Each relationship object is identified by its name property. You configure the relationship with the following options:

destinationEntity: The name of the NSEntityDescription targeted by this relationship.
minCount: The minimum value of nodes targeted by this relationship.
maxCount: The maximum value of nodes targeted by this relationship. Using 0 means no limit.
deleteRule: When the node hosting this relationship is deleted, this property tells to CoreData what to do with the targeted node(s) (delete them also, simply cut the edges, etc).

Now we can assign each properties to the corresponding NSEntityDescription:

// Assign Relationships
bossDescription.properties = [employeeMulRel, underBossesRel, bossOneRel, nameBossAttr];
employeeDescription.properties = [bossesMulRel, nameEmployeeAttr, specialityAttr];

If you have paid attention to the relationship's rules, you would have notice that some relationships are kind of "connected". Getting the bosses property of the Employee node is the opposite of getting the employees property of the Boss node. By opposite I mean that if you have one Employee node and you get one Boss node through the bosses property, you can go back to the Employee instance by using the employees property of the Boss node.

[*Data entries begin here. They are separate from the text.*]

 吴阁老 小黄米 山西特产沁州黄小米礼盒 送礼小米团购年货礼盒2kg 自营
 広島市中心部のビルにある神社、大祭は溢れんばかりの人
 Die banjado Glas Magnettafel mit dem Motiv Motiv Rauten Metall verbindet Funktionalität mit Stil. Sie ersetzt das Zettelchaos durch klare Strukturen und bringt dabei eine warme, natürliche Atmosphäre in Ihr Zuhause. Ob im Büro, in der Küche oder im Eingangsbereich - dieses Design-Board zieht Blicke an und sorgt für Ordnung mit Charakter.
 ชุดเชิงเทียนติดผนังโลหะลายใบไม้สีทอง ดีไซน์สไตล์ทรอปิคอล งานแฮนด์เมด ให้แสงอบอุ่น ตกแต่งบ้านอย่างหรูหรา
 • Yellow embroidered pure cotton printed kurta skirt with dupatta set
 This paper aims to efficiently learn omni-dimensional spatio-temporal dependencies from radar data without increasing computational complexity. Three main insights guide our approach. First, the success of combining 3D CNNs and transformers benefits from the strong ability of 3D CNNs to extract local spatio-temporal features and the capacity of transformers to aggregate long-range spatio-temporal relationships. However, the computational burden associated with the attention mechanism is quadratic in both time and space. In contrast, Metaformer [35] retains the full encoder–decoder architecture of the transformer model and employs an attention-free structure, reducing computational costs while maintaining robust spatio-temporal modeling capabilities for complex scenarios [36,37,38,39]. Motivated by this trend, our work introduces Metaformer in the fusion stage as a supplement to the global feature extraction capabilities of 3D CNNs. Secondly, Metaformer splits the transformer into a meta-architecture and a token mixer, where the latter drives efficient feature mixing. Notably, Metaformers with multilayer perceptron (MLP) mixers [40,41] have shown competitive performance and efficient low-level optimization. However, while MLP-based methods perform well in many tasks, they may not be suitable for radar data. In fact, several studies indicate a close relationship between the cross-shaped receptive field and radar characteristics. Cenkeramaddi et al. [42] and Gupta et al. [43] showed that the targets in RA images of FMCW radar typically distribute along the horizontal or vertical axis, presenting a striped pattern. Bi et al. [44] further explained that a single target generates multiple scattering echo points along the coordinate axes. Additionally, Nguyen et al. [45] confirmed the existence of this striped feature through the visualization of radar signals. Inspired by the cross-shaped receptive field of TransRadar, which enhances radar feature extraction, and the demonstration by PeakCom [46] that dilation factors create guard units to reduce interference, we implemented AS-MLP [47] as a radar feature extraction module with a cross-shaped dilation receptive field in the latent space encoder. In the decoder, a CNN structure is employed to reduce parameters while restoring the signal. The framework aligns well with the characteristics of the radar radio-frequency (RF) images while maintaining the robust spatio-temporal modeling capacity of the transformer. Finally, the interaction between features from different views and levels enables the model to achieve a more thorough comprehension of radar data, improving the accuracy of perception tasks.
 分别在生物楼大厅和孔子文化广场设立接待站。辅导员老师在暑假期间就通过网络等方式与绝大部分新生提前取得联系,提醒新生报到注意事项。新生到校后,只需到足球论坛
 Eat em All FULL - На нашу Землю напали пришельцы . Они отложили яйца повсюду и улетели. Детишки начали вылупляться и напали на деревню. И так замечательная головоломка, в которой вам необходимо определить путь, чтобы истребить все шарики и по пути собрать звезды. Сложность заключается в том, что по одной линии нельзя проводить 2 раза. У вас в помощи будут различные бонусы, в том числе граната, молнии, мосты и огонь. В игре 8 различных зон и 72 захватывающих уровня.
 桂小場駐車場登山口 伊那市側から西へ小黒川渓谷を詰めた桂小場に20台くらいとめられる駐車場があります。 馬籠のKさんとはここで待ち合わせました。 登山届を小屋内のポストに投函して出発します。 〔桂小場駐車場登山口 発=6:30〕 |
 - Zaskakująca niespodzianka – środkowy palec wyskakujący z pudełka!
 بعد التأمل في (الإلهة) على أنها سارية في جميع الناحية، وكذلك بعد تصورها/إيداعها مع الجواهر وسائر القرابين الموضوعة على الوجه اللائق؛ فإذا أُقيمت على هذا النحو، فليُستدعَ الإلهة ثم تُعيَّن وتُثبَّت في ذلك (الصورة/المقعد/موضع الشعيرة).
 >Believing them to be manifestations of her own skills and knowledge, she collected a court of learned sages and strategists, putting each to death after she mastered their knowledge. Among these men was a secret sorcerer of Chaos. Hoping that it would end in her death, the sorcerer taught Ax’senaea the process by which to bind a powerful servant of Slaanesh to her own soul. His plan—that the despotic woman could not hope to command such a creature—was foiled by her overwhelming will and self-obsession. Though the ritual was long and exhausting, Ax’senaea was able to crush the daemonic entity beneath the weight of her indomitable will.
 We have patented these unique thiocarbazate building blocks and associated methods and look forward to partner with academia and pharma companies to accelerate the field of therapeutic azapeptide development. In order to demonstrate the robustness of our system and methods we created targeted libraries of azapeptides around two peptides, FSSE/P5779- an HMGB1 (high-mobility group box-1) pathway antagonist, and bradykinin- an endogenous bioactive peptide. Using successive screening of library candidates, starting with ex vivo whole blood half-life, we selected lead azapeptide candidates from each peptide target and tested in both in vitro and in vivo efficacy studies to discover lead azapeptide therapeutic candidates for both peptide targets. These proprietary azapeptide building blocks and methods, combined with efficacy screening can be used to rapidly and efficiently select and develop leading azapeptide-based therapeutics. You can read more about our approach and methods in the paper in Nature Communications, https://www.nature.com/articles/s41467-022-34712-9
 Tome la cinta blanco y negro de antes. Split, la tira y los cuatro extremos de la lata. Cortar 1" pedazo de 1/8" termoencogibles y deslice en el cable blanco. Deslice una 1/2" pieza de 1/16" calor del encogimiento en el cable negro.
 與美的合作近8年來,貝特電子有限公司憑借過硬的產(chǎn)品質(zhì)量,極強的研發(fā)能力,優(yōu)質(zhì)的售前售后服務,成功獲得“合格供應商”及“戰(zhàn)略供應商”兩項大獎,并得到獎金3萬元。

This should be expressed in CoreData by using the inverseRelationship property of NSRelationshipDescription:

// Specifying inverse
bossesMulRel.inverseRelationship = employeeMulRel
employeeMulRel.inverseRelationship = bossesMulRel

Now we can try to create a graph and one Boss node inside it:

// Create an object and insert it
let context = NSManagedObjectContext(concurrencyType: .mainQueueConcurrencyType)
let obj1 = NSManagedObject(entity: bossDescription, insertInto: context)

// Check the context status.
print("The context has now: \(context.insertedObjects.count) objects inserted.")

The output gives us:

The context has now: 1 objects inserted.

Great, we succeeded to create a graph instance and one node!

Reducing the boilerplate code with `NSManagedObjectModel`

Our current graph rules are basic and you would have noticed that we required a lot of lines to describes them. Using code is not the only way to describe our business logic. Inside the documentation of the NSEntityDescription, you will find this sentence:

You usually define entities in a Managed object model using the data modeling tool in Xcode {: .notice }

If you have heard about CoreData before, the Managed Object Model is the first tool you have been presented to without any further information. It will help to create a bunch of NSEntityDescription with a graphical editor. This will produce one .xcdatamodel model file that will be compiled into one .momd file.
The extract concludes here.